Held, Appeal allowed. There was no reason to doubt that it was only in rare and compelling cases that it would be in the interests of justice to grant a stay on case management grounds in order to await the outcome of proceedings abroad. After all, the usual function of a court was to decide cases and not to decline to do so, and access to justice was a fundamental principle under both the common law and article 6 of the European Convention. The court would therefore need a powerful reason to depart from its usual course and such cases would by their nature be exceptional. All of the guidance in the cases was valuable and instructive, but the single test remained whether in the particular circumstances it was in the interests of justice for a case management stay to be granted. There was not a separate test in “parallel proceedings” cases. Rather, considerations such as the existence of an exclusive English jurisdiction clause and the danger of circumventing a statutory scheme for the allocation of jurisdiction (such as Council Regulation (EC) No 44/2001 “the Judgments Regulation”) would be weighty and often decisive factors pointing to where the interests of justice lay ( paras 48–58, 59, 81, 82, 83).

Reichold Norway ASA v Goldman Sachs International [1999] 1 All ER (Comm) 40 and [2000] 1 WLR 173, CA considered.

The English courts had always been cautious about granting negative declarations (ie declarations that the claimant was not under any liability) because of concern about possible abuse and the need to ensure that such declarations served a useful purpose. When they did serve such a purpose, however, there was no reason why they should not be granted. Thus the court had jurisdiction to grant a negative declaration, adopting as a matter of discretion a pragmatic approach to the question of utility. The critical question in the appeal was whether the judge’s conclusion that the Secretariat had adopted a position of neutrality was tenable.
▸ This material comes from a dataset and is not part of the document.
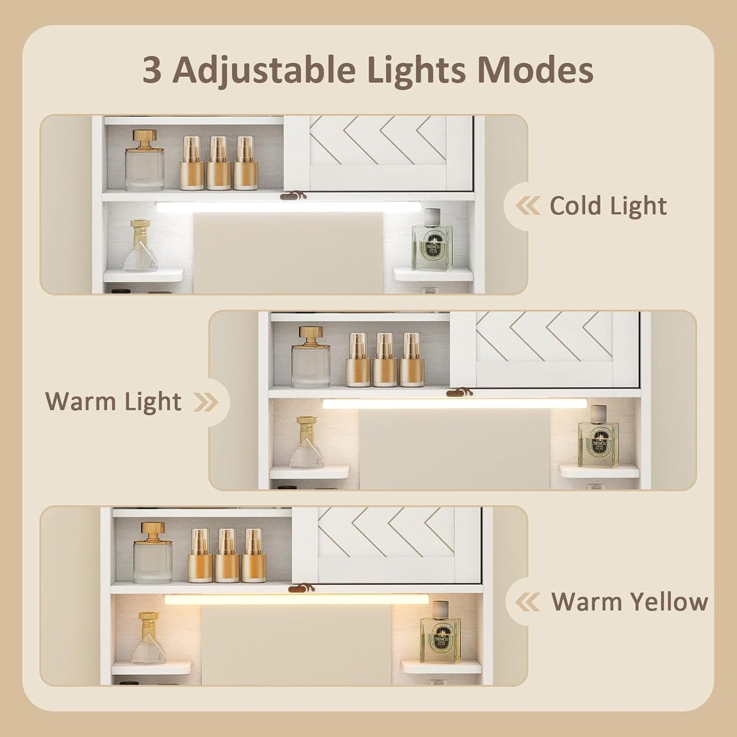Floating Vanity Desk with Mirror and Lights Small Wall Mounted Makeup Set with Storage White Farmhouse Dressing Table for Tiny

On the facts the judge’s conclusion was mistaken. The Secretariat was not neutral. It followed that the basis on which the judge concluded that, at present, the grant of declarations would serve no useful purpose and therefore exercised his discretion to grant a case management stay was fundamentally flawed. Indeed the circumstances in which he envisaged that the declarations might serve a useful purpose and that the stay might be lifted, that was to say if the Secretariat adopted a partisan position in the criminal proceedings in the Vatican, already existed. The English proceedings in which the claimants sought to vindicate their position should be allowed to continue ( paras 60–63, 74, 77, 80, 81, 82, 83).

Messier-Dowty Ltd v Sabena SA [2000] 1 WLR 2040, CA and BNP Paribas SA v Trattamento Rifiuti Metropolitani SpA [2020] EWHC 2436 (Comm) considered.

Decision of Simon Salzedo QC sitting as a High Court judge [2021] EWHC 3166 (Comm); [2022]1 WLR 1389 reversed.

Charles Samek QC and Tetyana Nesterchuk (instructed by Withers LLP) for the claimants.

Charles Hollander QC, Samar Abbas Kazmi and James Bradford (instructed by Hill Dickinson LLP ) for the defendant.